See right now the only shop tools I have at are a hammer and chisel :big: so I decided to go with conventional machines for now but I know it wont be long and I'll not be able to fight the urge to go ahead and order a Tomach.
Maybe I'll get one for Christmas hint,hint.




Doc

PS Am I right in assuming you got one of those little gems?


----------



## deere_x475guy (Sep 18, 2009)

I was wondering the same thing, Kermit?

I just heard back from Robert with Tormach and he sent me a list if 5 people around me that are willing to demo the machine and a list of videos to watch. I will be emailing a few of the contacts this weekend.


----------



## Kermit (Sep 18, 2009)

It's only $7000.  Man, I wish that was in my car's room right now. <(Garage)

If I was willing to wait 5 years to get a mill, then, YES, that is what I would be getting. However, I've been waiting for what seems like forever already ( 4 months) and the savings account for my mill only has $350 in it.


Maybe another unknown Great Uncle will die and leave me $10,000.00 in his will. Or not.  ;D


A boy can dream can't he? 
Kermit


----------



## macona (Sep 27, 2009)

Kermit  said:
			
		

> It's only $7000.  Man, I wish that was in my car's room right now. <(Garage)
> 
> If I was willing to wait 5 years to get a mill, then, YES, that is what I would be getting. However, I've been waiting for what seems like forever already ( 4 months) and the savings account for my mill only has $350 in it.
> 
> ...



Its only $7.5k if you buy the machine by itself. But once you add the options like a stand you are well into the 10k to 14k range.
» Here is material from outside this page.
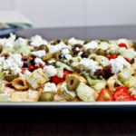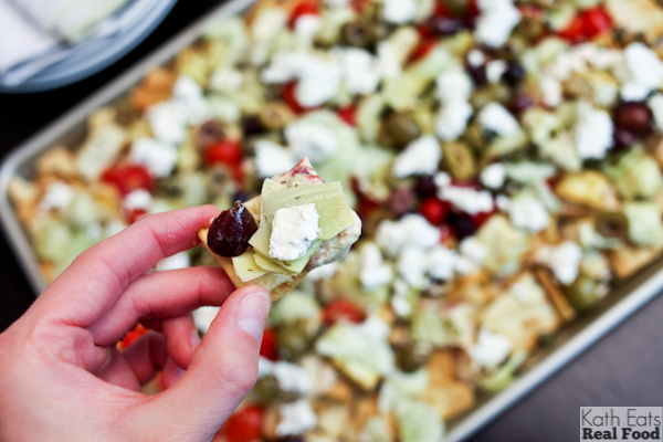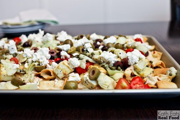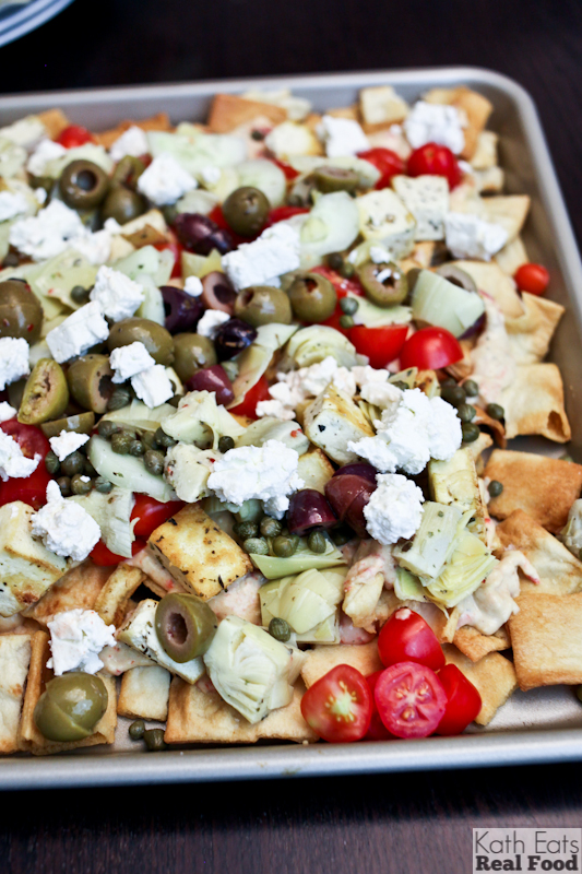 Karen and I had a lot of fun cooking while she stayed with us! We were brainstorming a meal plan one morning and stumbled upon this gorgeous recipe for Mediterranean Nachos. Kristy’s version is vegan and uses tofu as feta cheese and pita as the base. Karen and I adapted the recipe into our own by using both feta and tofu (two is better than one!) and layered a bunch of Mediterranean flavors onto crunchy sea salt pita chips.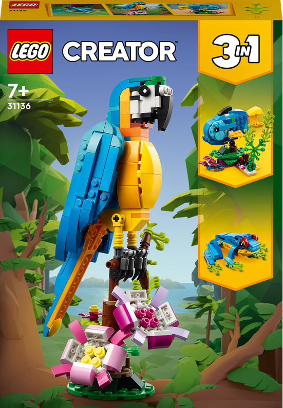 Děti vyrazí do deštného pralesa s touto úžasnou stavebnicí z řady LEGO® Creator s pohyblivými modely papouška, rybky a žáby.

I have been to a couple auctions recently and you could pick up a Robomill that would take up the same space for about the same price as one of the Tormachs. Heck, Haas VF-3's were going for $6k. A Real nice 50 taper Hitachi with pallet changer went for $15k. (Good luck getting that in my garage!)

-Jerry


----------



## shred (Sep 27, 2009)

Yeah, you can get some good deals on used industrial stuff right now.  Of course I just saw a used $15K+ Tormach setup with tooling and everything go for <$8K locally, so it all depends. Too bad a Minimill won't fit in my shop


----------